### COLLECTED MATERIAL
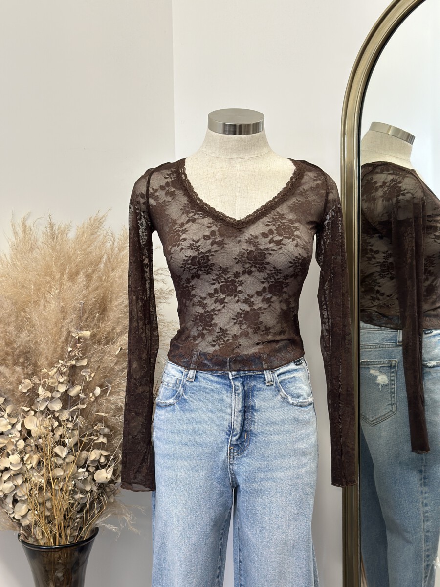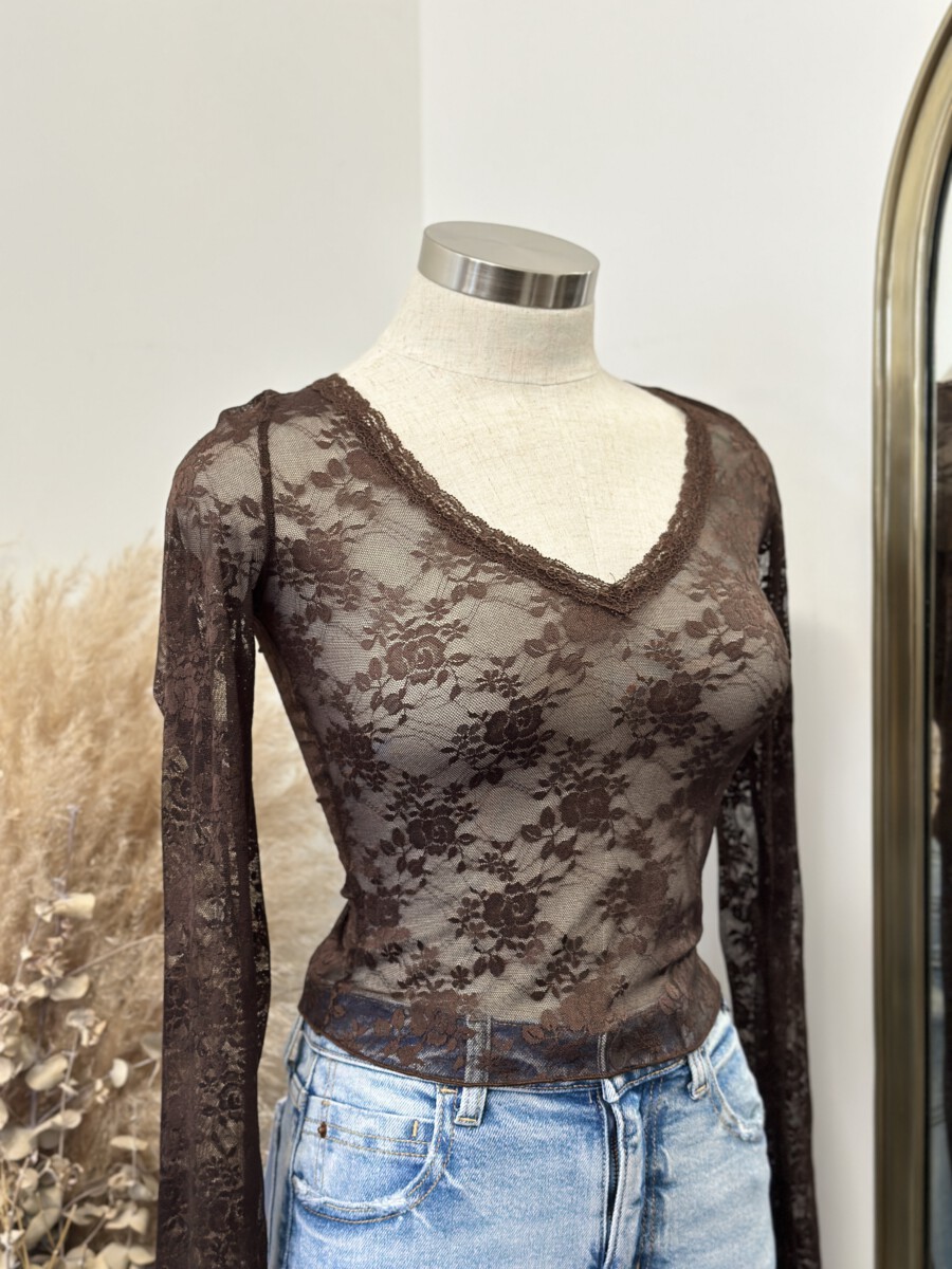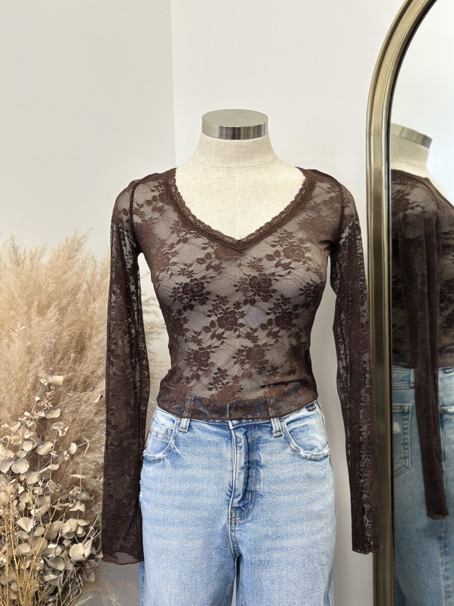 ” Hallie ” Lace Long Sleeve Top ( Brown )
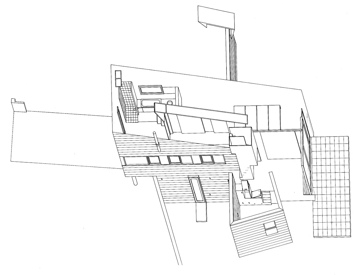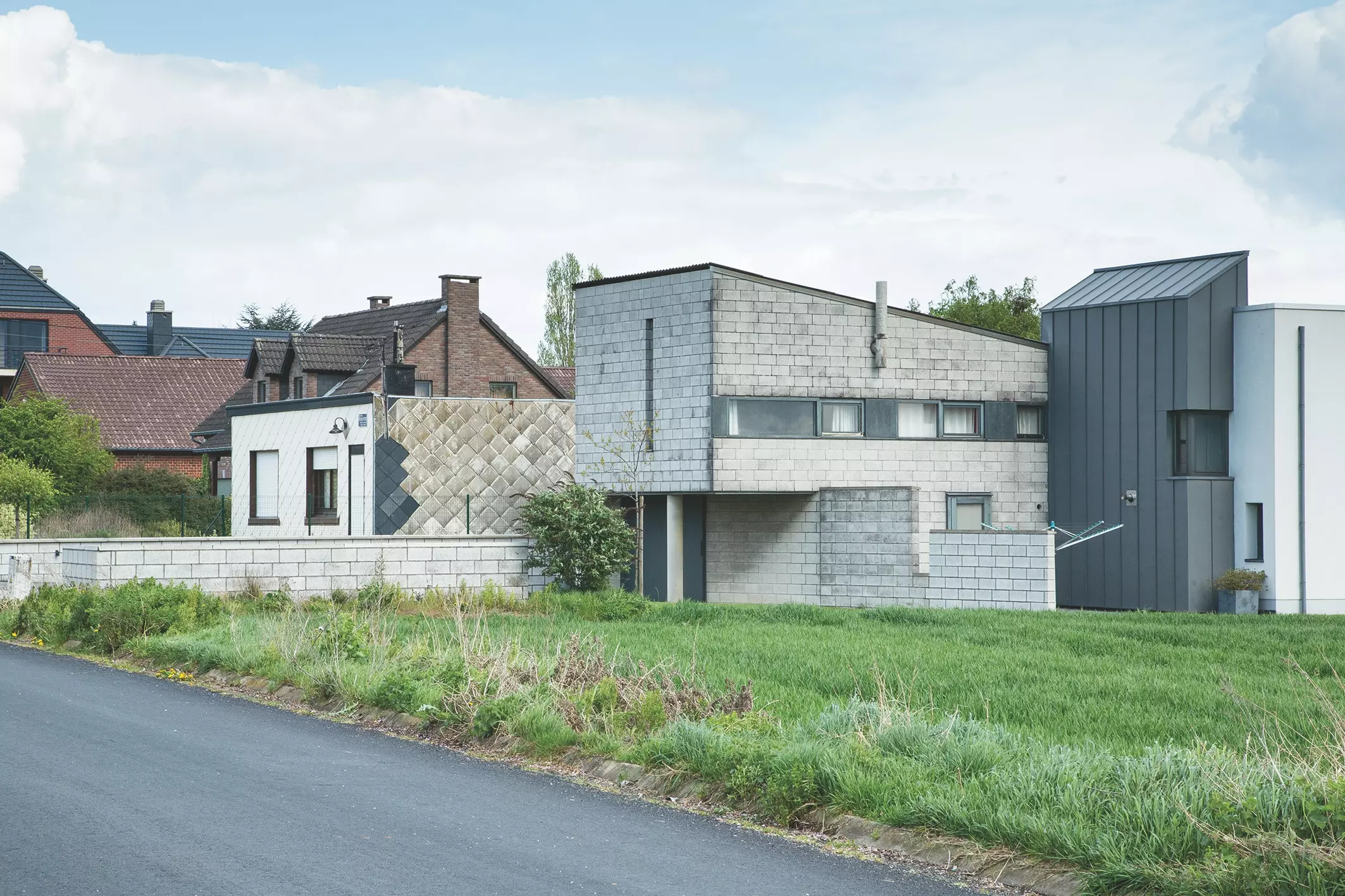 Pour concrétiser le projet, l'architecte a expérimenté les limites : celles du budget, de l'environnement, du terrain. Il a tenu compte de l'orientation, du bâti pavillonnaire et arboré du quartier, ainsi que de l'étroitesse du site. Le volume de parpaing, matériau choisi pour sa capacité à retenir et à fixer les végétations moussues, est couvert d'une toiture à un versant. Il intègre un garage, qui se glisse sous la zone de nuit. Le séjour s'encastre en travers du volume principal, en rupture.
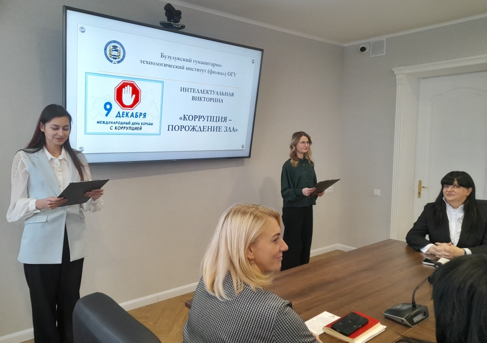 9 декабря в администрации города Бузулука состоялся семинар для муниципальных служащих, посвященный Международному дню борьбы с коррупцией. В рамках этого значимого мероприятия студенты направления подготовки Юриспруденция Бузулукского гуманитарно-технологического института (филиала) ОГУ под руководством старших преподавателей кафедры юриспруденции Унгурян Ю.Л. и Баскаковой Н.П. провели интеллектуально-развлекательную викторину «Коррупция – порождение зла».

### EXERCISE BRIEF
Reproduce the data exactly as it appears above. Pictures are to be left out.

### YOUR SOLUTION
 ” Hallie ” Lace Long Sleeve Top ( Brown )
 Pour concrétiser le projet, l'architecte a expérimenté les limites : celles du budget, de l'environnement, du terrain. Il a tenu compte de l'orientation, du bâti pavillonnaire et arboré du quartier, ainsi que de l'étroitesse du site. Le volume de parpaing, matériau choisi pour sa capacité à retenir et à fixer les végétations moussues, est couvert d'une toiture à un versant. Il intègre un garage, qui se glisse sous la zone de nuit. Le séjour s'encastre en travers du volume principal, en rupture.
 9 декабря в администрации города Бузулука состоялся семинар для муниципальных служащих, посвященный Международному дню борьбы с коррупцией. В рамках этого значимого мероприятия студенты направления подготовки Юриспруденция Бузулукского гуманитарно-технологического института (филиала) ОГУ под руководством старших преподавателей кафедры юриспруденции Унгурян Ю.Л. и Баскаковой Н.П. провели интеллектуально-развлекательную викторину «Коррупция – порождение зла».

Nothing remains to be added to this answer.